### SUPPLIED DATA:
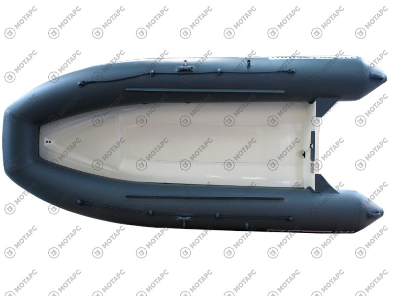 Лодка РИБ с жестким стеклопластиковым корпусом и надувным баллоном (плотность ПВХ 1050-1100 г/м2), состоящая из трех секций, что повышает безопасность и непотопляемость лодки.
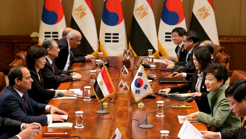 السيد كانج رئيس الجمعية الكورية المصرية للصداقة بأن الجمعية قامت بالترحيب الحار بالرئيس عبد الفتاح السيسى
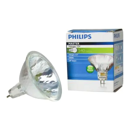 Philips MASTERLine ES correspond to dichroic halogen lamps equipped with double-ended burners with xenon gas filled infrared low voltage coating with an axial position filament within a capsule.
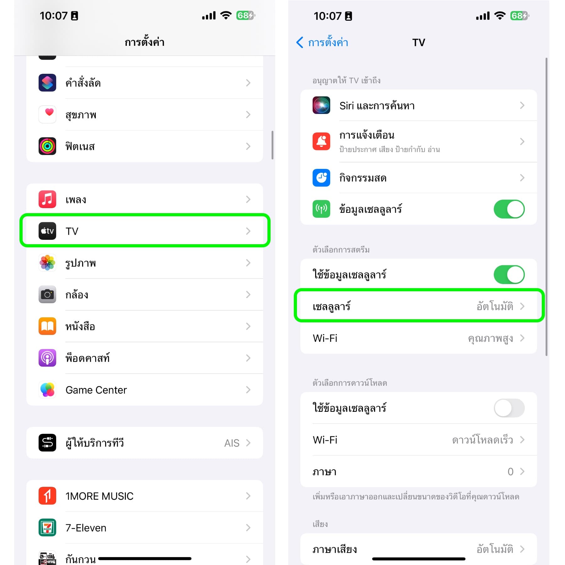 แอปการตั้งค่า > Apple TV > เปิด “ใช้ข้อมูลเซลลูลาร์”
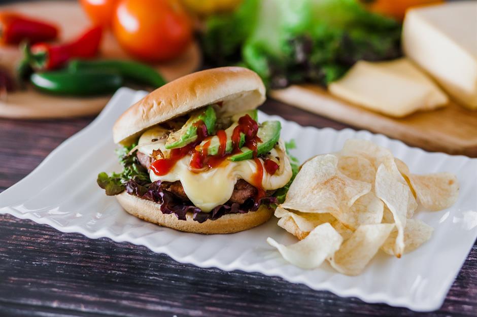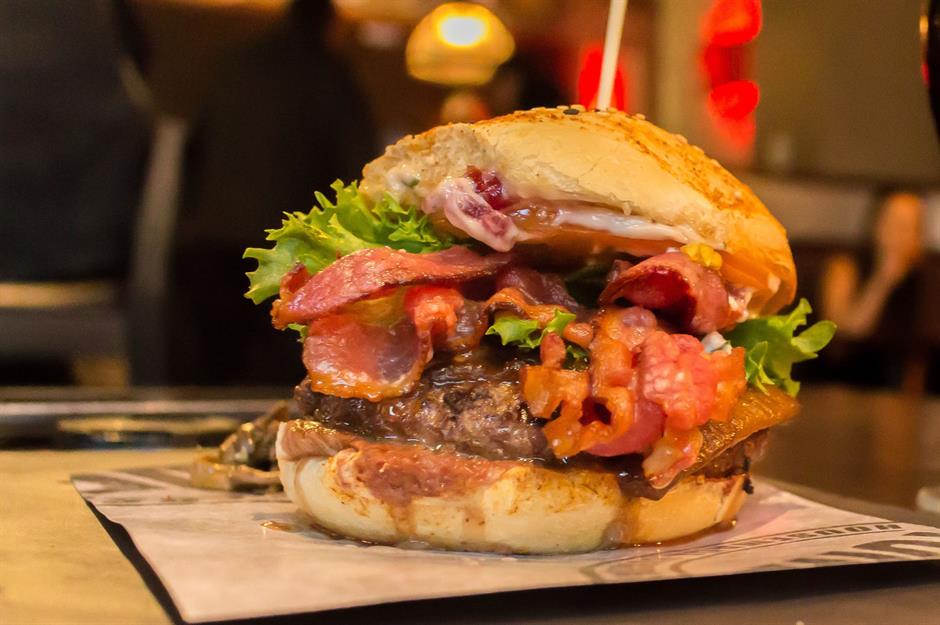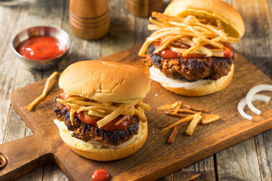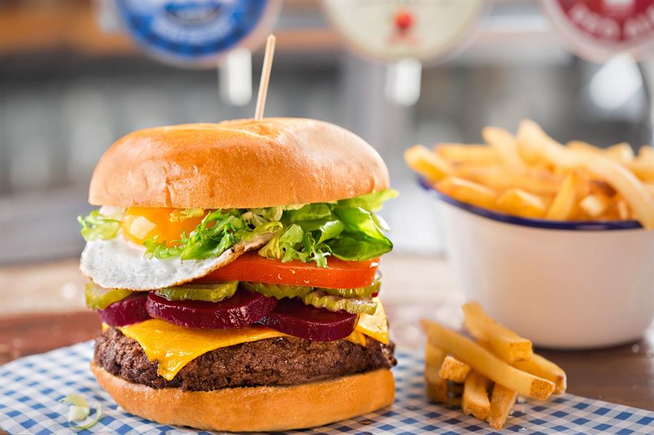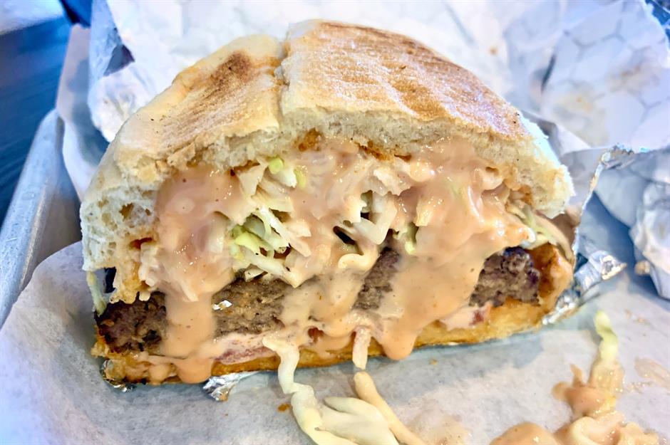 The Kiwi burger takes its name from the people of New Zealand, who developed their own take on the classic dish using favourite local flavours. A thick beef patty is stacked with earthy beetroot (a major crop in the country) and crowned with a fried egg, its golden yolk spilling into the bun. It closely resembles the Australian burger, which also features canned beetroot but often adds a sweet slice of pineapple for contrast.
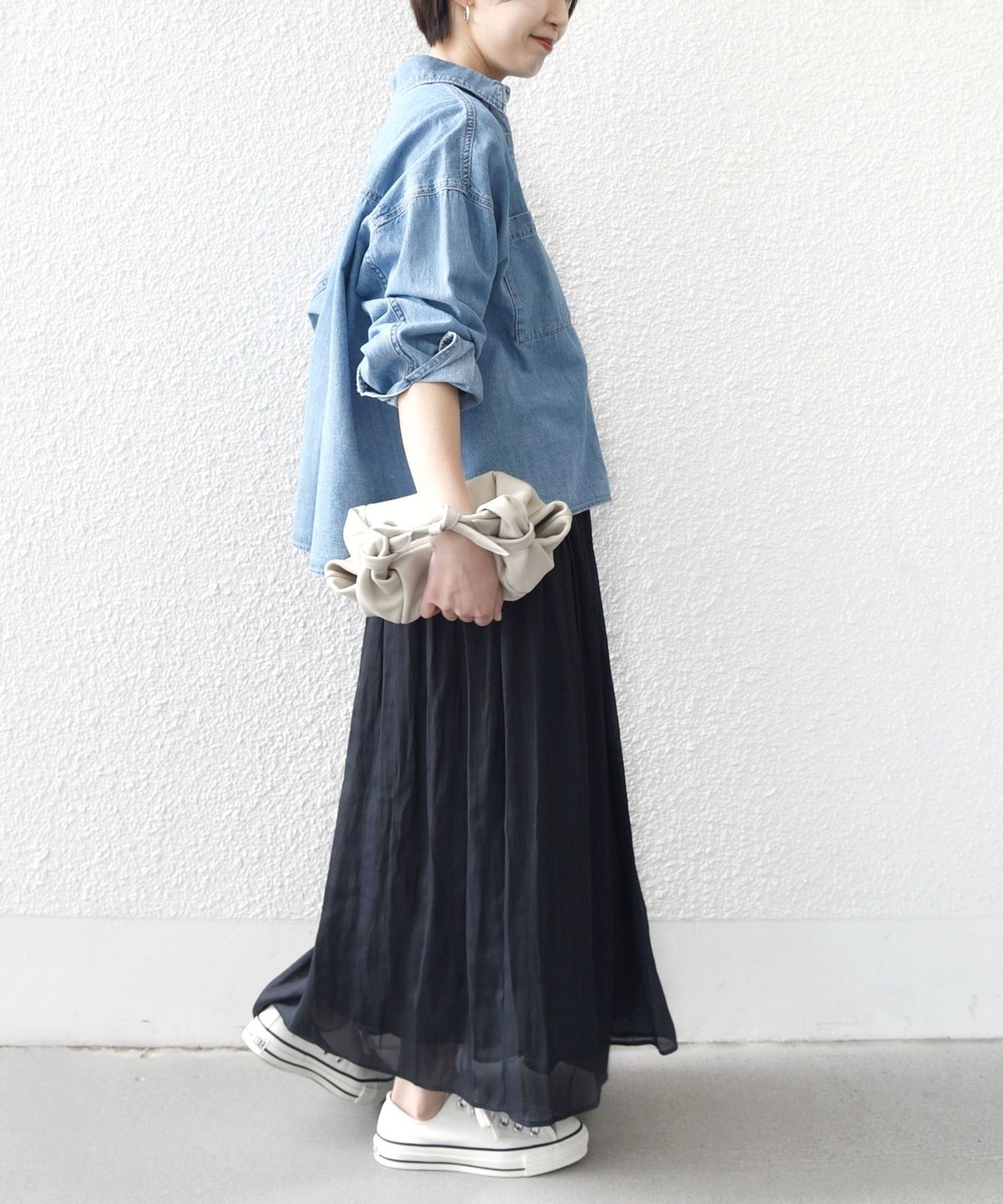 オーバーサイズのスウェットやゆるニットにスニーカーと合わせれば、甘さを抑えた大人のリラックススタイルに。
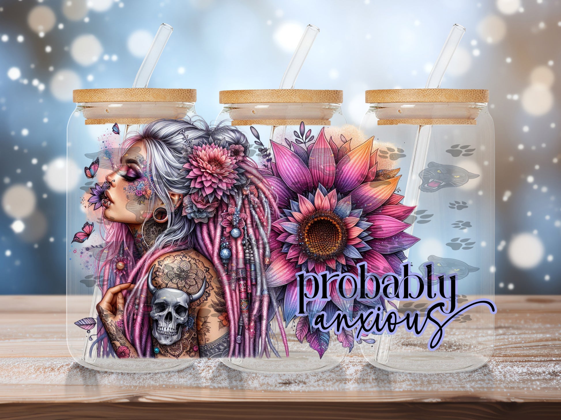 Probably Anxious. UV DTF for 16 oz glass can. Ready to press.
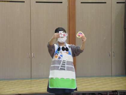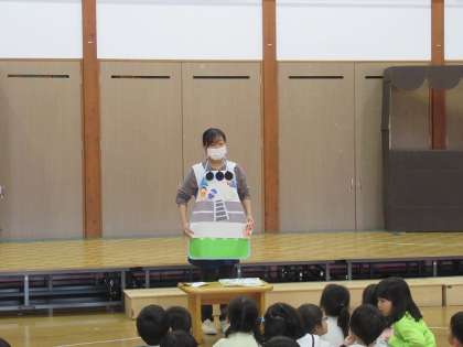 交通安全指導がありました。エプロンシアターを見て、道路の危険性や、横断歩道の安全な待ち方、渡り方を学びました。また、車の前後からの飛び出しの危険性、自動車はすぐに止まれないことも学びました。
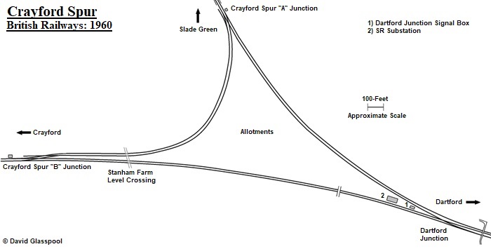 On the North Kent Line, the chord diverged at "Crayford Spur A Junction", which was situated a mile south of Slade Green station, Dartford station being 1,390-yards to the east. On the Dartford Loop Line via Sidcup, the junction was named "Crayford Spur B", residing 1,600-yards west of Dartford station. At both junctions, sturdy square signal boxes of brick construction were commissioned.
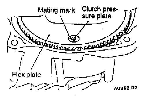 3. Chalk mating marks on the flex plate and clutch pressure plate for easier installation.

### WHAT IS BEING ASKED:
Final stretch of the data: repeat exactly each line from the one containing "On the North" through the last, and omit all pictures.

### RESULT:
 On the North Kent Line, the chord diverged at "Crayford Spur A Junction", which was situated a mile south of Slade Green station, Dartford station being 1,390-yards to the east. On the Dartford Loop Line via Sidcup, the junction was named "Crayford Spur B", residing 1,600-yards west of Dartford station. At both junctions, sturdy square signal boxes of brick construction were commissioned.
 3. Chalk mating marks on the flex plate and clutch pressure plate for easier installation.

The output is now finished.